### Records for processing ###

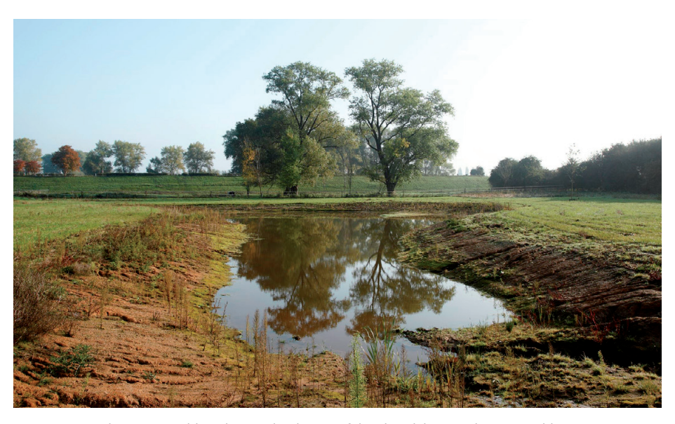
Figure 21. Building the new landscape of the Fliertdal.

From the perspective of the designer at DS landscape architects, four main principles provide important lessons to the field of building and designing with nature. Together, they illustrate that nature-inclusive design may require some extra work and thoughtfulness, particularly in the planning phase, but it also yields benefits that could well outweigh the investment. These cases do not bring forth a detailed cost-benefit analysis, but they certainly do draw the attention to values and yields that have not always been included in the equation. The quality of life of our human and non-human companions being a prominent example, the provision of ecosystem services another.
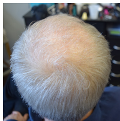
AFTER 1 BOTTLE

###
### Records for processing ###

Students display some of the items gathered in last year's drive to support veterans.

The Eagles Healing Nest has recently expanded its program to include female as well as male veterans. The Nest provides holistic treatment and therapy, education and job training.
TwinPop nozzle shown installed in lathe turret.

###
### Records for processing ###

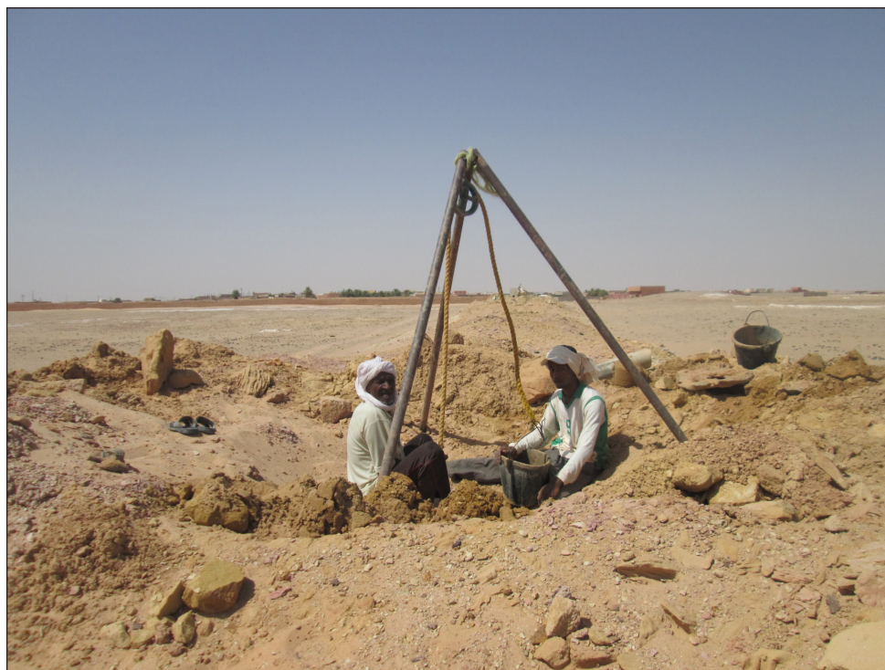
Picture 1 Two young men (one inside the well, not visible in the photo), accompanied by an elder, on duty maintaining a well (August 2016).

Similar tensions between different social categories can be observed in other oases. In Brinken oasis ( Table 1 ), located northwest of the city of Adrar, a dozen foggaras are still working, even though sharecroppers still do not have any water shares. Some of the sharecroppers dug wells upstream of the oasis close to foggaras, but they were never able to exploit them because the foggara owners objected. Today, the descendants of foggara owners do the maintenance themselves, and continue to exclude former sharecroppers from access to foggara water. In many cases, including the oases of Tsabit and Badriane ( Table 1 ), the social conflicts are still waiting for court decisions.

###

--- Task requirements ---
Please give an exact copy of the entries above, from the line with "Students display some" down to the line with "The Eagles Healing", inclusive, and nothing else.

--- Your response ---
Students display some of the items gathered in last year's drive to support veterans.

The Eagles Healing Nest has recently expanded its program to include female as well as male veterans. The Nest provides holistic treatment and therapy, education and job training.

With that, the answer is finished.